Dijkstra's Algorithm

Dijkstra's Algorithm

Step1. Given initial graph G=(V, E). All nodes nodes have infinite cost except the source node, s,  which has 0 cost.

Step 2. First we choose the node, which is closest to the source node, s. We initialize d[s] to 0. Add it to S. Relax all nodes adjacent to source, s. Update predecessor (see red arrow in diagram below) for all nodes updated.

Step 3. Choose the closest node, x. Relax all nodes adjacent to node x. Update predecessors for nodes u, v and y (again notice red arrows in diagram below).

Step 4. Now, node y is the closest node, so add it to S. Relax node v and adjust its predecessor (red arrows remember!).

Step 5. Now we have node u that is closest. Choose this node and adjust its neighbor node v.

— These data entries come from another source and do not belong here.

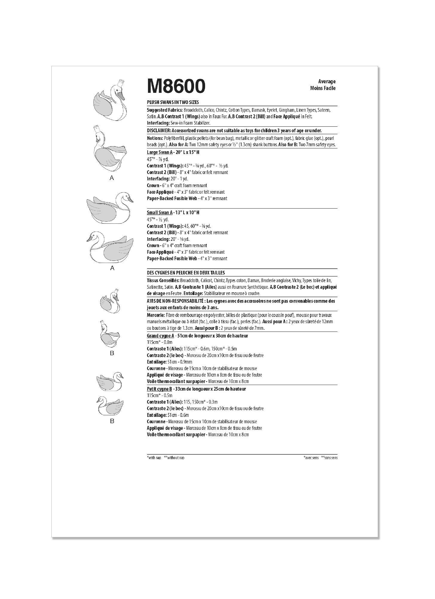 Large 20″ (51cm) long by 15″ (38cm) high and small 13″ (33cm) long by 10″(26cm) high swans have safety eyes, felt bills and bill trim appliques and inner bean bags for stability. All swans have lightly padded and stuffed contrast wings and optional crown and beaded necklace accessories. Accessorized swans not suitable for use as toys for small children. See envelope for more information. Fabric suggestion: Broadcloth, Calico, Chintz, Cotton Types, Damask, Eyelet, Gingham, Linen Types, Sateen, Satin. A,B Contrast 1 (Wings) also in Faux Fur. A,B Contrast 2 (Bill) and Face Applique in Felt. Interfacing: Sew-in foam stabilizer. Sewing level: AVERAGE.
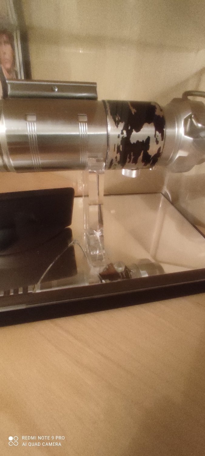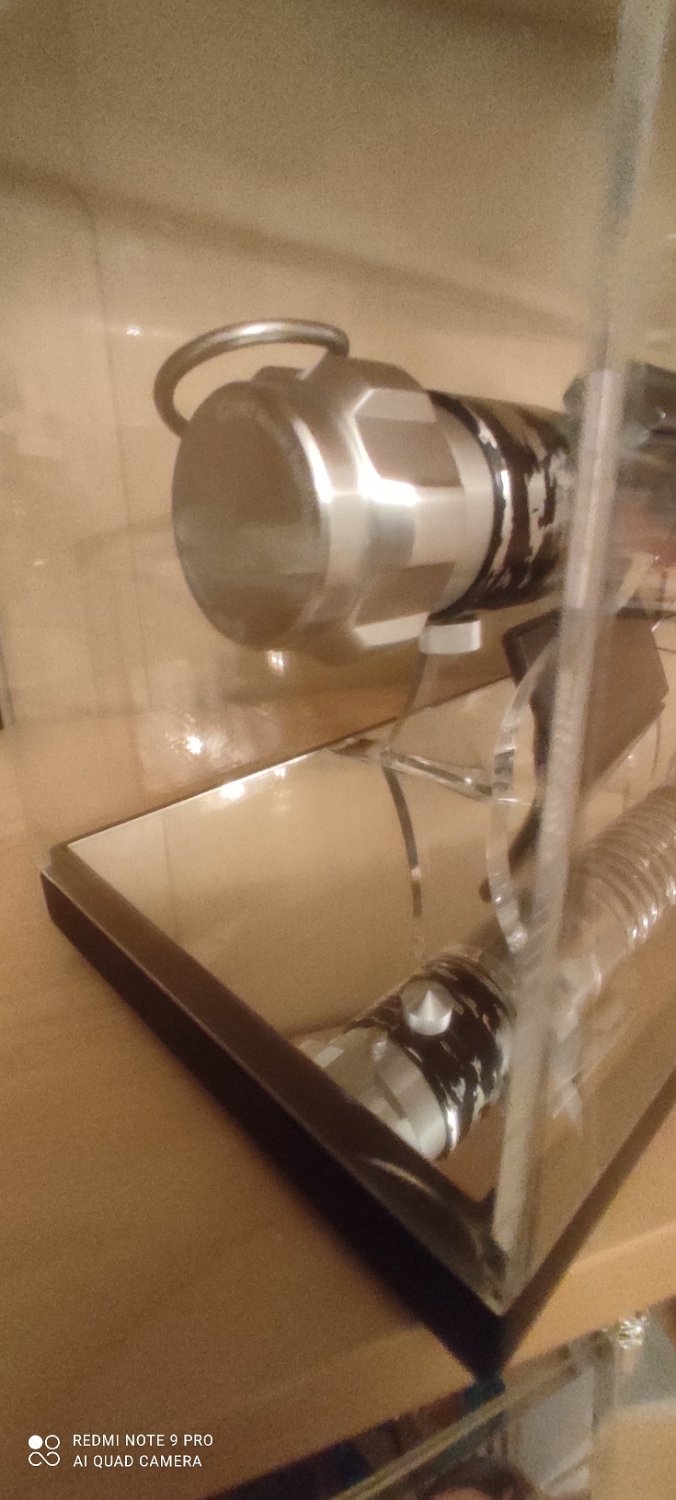 Point important, je ne dispose pas de tout ce qui est emballage. Je n'ai que les pièces exposées : sabre, plaque , stand et la vitrine en acrylique. Comble de malchance, le miroir de la base/stand est fêlée, et la vitrine a également un éclat.
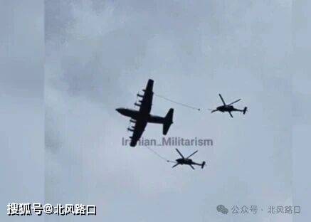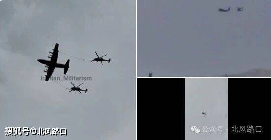 随后,伊朗媒体还公布美军1架C-130运输机正在使用软管为两架“黑鹰”直升机同时进行空中加油,这正是战斗搜救(CSAR)深度渗透行动的典型配置。

Step 6. Finally, add node v. The predecessor list now defines the shortest path from each node to the source node, s.

Q as a linear array

EXTRACT_MIN takes O(V) time and there are |V| such operations. Therefore, a total time for EXTRACT_MIN in while-loop is O(V²). Since the total number of edges in all the adjacency list is |E|. Therefore for-loop iterates |E| times with each iteration taking O(1) time. Hence, the running time of the algorithm with array implementation is O(V² + E) = O(V²).

Q as a binary heap ( If G is sparse)

In this case, EXTRACT_MIN operations takes O(lg V) time and there are |V| such operations.
The binary heap can be build in O(V) time.
Operation DECREASE (in the RELAX) takes O(lg V) time and there are at most such operations.
Hence, the running time of the algorithm with binary heap provided given graph is sparse is O((V + E) lg V). Note that this time becomes O(ElgV) if all vertices in the graph is reachable from the source vertices.

Q as a Fibonacci heap

In this case, the amortized cost of each of |V| EXTRAT_MIN operations if O(lg V).
Operation DECREASE_KEY in the subroutine RELAX now takes only O(1) amortized time for each of the |E| edges.
As we have mentioned above that Dijkstra's algorithm does not work on the digraph with negative-weight edges. Now we give a simple example to show that Dijkstra's algorithm produces incorrect results in this situation. Consider the digraph consists of V = {s, a, b} and E = {(s, a), (s, b), (b, a)} where w(s, a) = 1, w(s, b) = 2, and w(b, a) = -2.
Dijkstra's algorithm gives d[a] = 1, d[b] = 2. But due to the negative-edge weight w(b, a), the shortest distance from vertex s to vertex a is 1-2 = -1.